North Korea's intention to pursue US-North Korea dialogue through China, using inter-Korean dialogue as a stepping stone, has changed as a result of the US-China summit. Without recognizing North Korea's parallel progress strategy, and in a situation where the US and China have solidified their joint commitment to denuclearization, the decision has been made to focus efforts on US-North Korea talks and Six-Party Talks for the time being, rather than on the stagnant inter-Korean dialogue. While China has agreed with the US on the broad framework of North Korea's denuclearization, it appears to be focusing on a faithful mediating role for dialogue, emphasizing the process of denuclearization through dialogue rather than denuclearization as a prerequisite for dialogue. In this process, South Korea's trust-building process for North Korea must lead the situation with correct principles, and the immediate task is the ROK-China summit.

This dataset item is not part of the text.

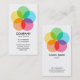 Un modèle de carte de visite élégant et attrayant, avec un motif abstrait géométrique composé de cinq cercles semi-transparents superposés en cinq couleurs différentes disposés autour d'un point central. Détails de l'entreprise principale sur le devant, avec nom et coordonnées personnelles sur le dos, avec le même motif et le même style.

Recently, North Korea's Ambassador Shin Seon-ho demanded the dissolution of the UN Command. This came five days after the proposal for high-level US-North Korea talks was made in a statement by a spokesperson for the National Defense Commission, and ten days after the collapse of inter-Korean talks. Going beyond the previous statement emphasizing "denuclearization of the entire Korean Peninsula," he raised his voice, stating that as long as the US maintains the UN Command, its "aggressive military tool," and continues its hostile policy and nuclear threat towards North Korea, North Korea will "never give up its nuclear deterrence." The statement, which claimed "denuclearization of the Korean Peninsula is the last will of Kim Il-sung and Kim Jong-il," reiterates the existing position by simultaneously proposing the denuclearization of the "entire Korean Peninsula," including US nuclear weapons, and a peace regime for stability on the Korean Peninsula. Therefore, this should be viewed as a tactical first step to escalate North Korea's demands in the fierce diplomatic battle that will unfold.

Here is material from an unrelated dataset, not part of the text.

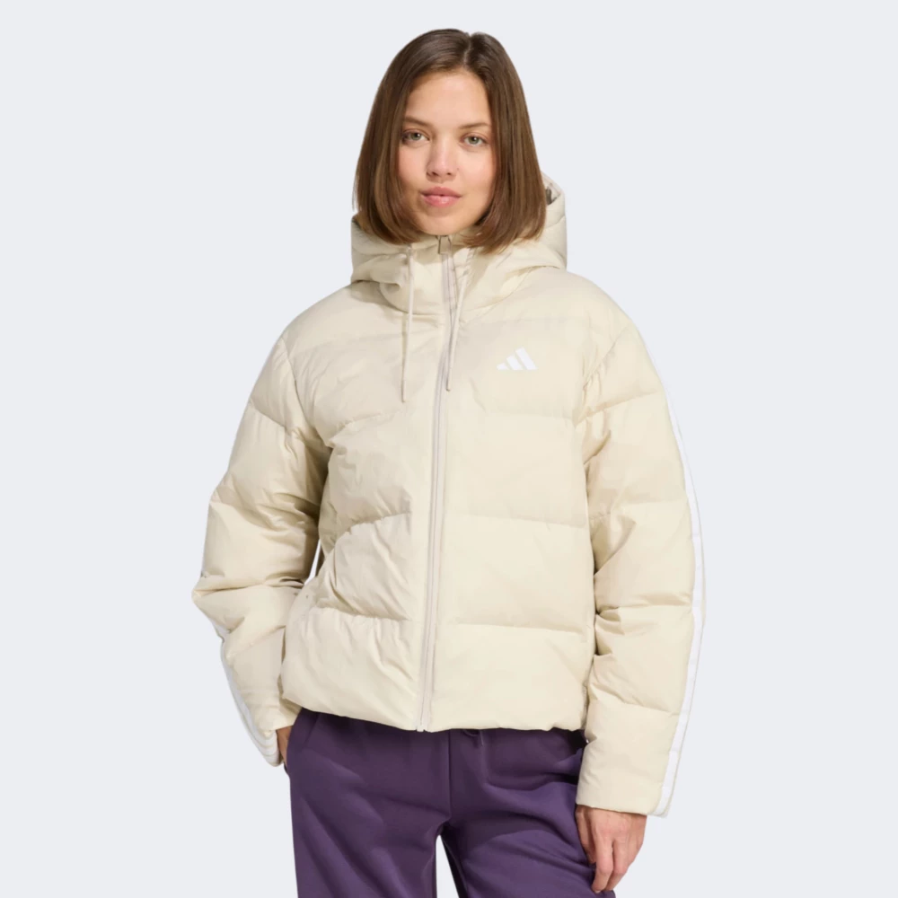 Колекція Adidas Sportswear поєднує в собі стиль та комфорт, створюючи ідеальні вироби для повсякденного носіння та активного способу життя. Пуховик Adidas W Ess 3s P D Ho створений для тих, хто не зупиняється у прохолодну погоду. Він виготовлений з якісного матеріалу, який має водовідштовхувальну обробку для комфортних прогулянок під час легкого дощу чи снігу. Пуховий наповнювач та технологія ClimaWarm подарують Вам приємне тепло, тому ніщо не завадить Вашим планам. Вільний крій ідеально підходить для багатошарових образів, а високий комір і капюшон зі шнурком створюють відчуття затишку. Практичні бічні кишені зігріють руки та збережуть усі необхідні дрібниці під рукою. Завершують образ культові три смужки на рукавах та невеликий логотип — символи Вашої любові до спортивного стилю Adidas, який завжди надихає на рух уперед.

The United States responded by extending sanctions against North Korea for another year, stating that North Korea continues to pose an "unusual and extraordinary threat" to the US, in accordance with the International Emergency Economic Powers Act, a presidential executive order. Meanwhile, on the 14th, President Park Geun-hye met with former Chinese State Councilor Tang Jiaxuan and expressed her hope that "China would persuade North Korea to engage in sincere dialogue, not dialogue for the sake of dialogue," foreshadowing that cooperation between South Korea and China to resolve the North Korean issue would be a major agenda item at the bilateral summit on the 27th.

To consider how the ROK and Chinese leaders, who will meet and greet each other for the first time since taking office, should discuss the situation on the Korean Peninsula, a careful review of the diplomatic efforts of the past month is necessary.

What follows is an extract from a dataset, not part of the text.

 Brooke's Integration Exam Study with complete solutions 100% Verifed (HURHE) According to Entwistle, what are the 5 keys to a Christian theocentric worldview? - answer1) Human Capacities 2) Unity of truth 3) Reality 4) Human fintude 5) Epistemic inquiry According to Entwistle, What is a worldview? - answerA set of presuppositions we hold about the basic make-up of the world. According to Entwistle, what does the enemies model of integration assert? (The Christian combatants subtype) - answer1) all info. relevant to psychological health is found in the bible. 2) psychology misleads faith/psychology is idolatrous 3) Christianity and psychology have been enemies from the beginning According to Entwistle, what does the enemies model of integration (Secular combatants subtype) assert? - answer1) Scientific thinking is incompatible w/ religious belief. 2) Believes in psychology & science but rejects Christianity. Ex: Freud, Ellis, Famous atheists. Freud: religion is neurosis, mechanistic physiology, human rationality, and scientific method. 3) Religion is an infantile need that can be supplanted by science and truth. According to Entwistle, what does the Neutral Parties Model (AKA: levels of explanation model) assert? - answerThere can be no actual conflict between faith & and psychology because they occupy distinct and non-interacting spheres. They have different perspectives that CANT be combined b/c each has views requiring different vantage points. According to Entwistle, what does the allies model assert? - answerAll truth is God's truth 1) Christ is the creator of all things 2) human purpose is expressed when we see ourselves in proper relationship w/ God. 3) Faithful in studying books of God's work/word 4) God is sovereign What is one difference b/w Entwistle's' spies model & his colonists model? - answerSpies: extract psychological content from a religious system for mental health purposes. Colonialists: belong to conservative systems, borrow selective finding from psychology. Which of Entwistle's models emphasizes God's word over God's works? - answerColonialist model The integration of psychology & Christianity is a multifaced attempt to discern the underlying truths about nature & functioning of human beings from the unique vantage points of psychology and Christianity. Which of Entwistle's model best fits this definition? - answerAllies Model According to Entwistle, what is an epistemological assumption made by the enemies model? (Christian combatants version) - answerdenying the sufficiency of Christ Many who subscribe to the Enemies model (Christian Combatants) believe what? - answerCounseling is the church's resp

The US-China Summit and "New Model Great Power Relations"

US-China relations are a structural factor that determines the direction of Northeast Asian affairs. Therefore, the eight-hour conversation between President Barack Obama and President Xi Jinping on July 7-8 is of great importance. It is also worth noting that both countries, in their press conferences following the summit, described it as the most unique meeting in the history of US-China relations over the past 40 years and emphasized an unprecedentedly close communication.

The entire summit consisted of two official meetings, one working dinner, and a walk-and-talk session between the two leaders with only interpreters present. While the content of the three meetings excluding the walk-and-talk session was relatively detailed, it was introduced through briefings by US National Security Advisor Tom Donilon and a press conference by Chinese State Councilor Yang Jiechi.

The first official meeting involved extensive discussions where the leaders of both countries explained the core content of their respective grand strategies and shared their vision for future US-China relations. Although no new content was discussed, the reaffirmation by the two leaders of the new relationship that both countries have emphasized since early 2012 enhanced mutual understanding and strengthened strategic trust.

President Xi Jinping focused his discussions on the "Chinese Dream" and the "new model of relationship between great powers" (新型大国关系). The Chinese Dream was summarized as national prosperity, rejuvenation of the nation, and happiness of the people. President Xi Jinping declared that China would continue its path of peaceful development and reform and opening up to achieve this dream. He also emphasized that a peaceful and stable international and regional environment is necessary for the realization of the Chinese Dream, and that China would contribute to this. The vision of a "new model of relationship between great powers," first mentioned by then-Vice President Xi Jinping during his visit to the US in February last year, was re-explained as the avoidance of conflict between major powers and the development of friendly relations. To this end, he emphasized that the two countries should not clash or confront each other, but should respect each other and achieve win-win cooperation.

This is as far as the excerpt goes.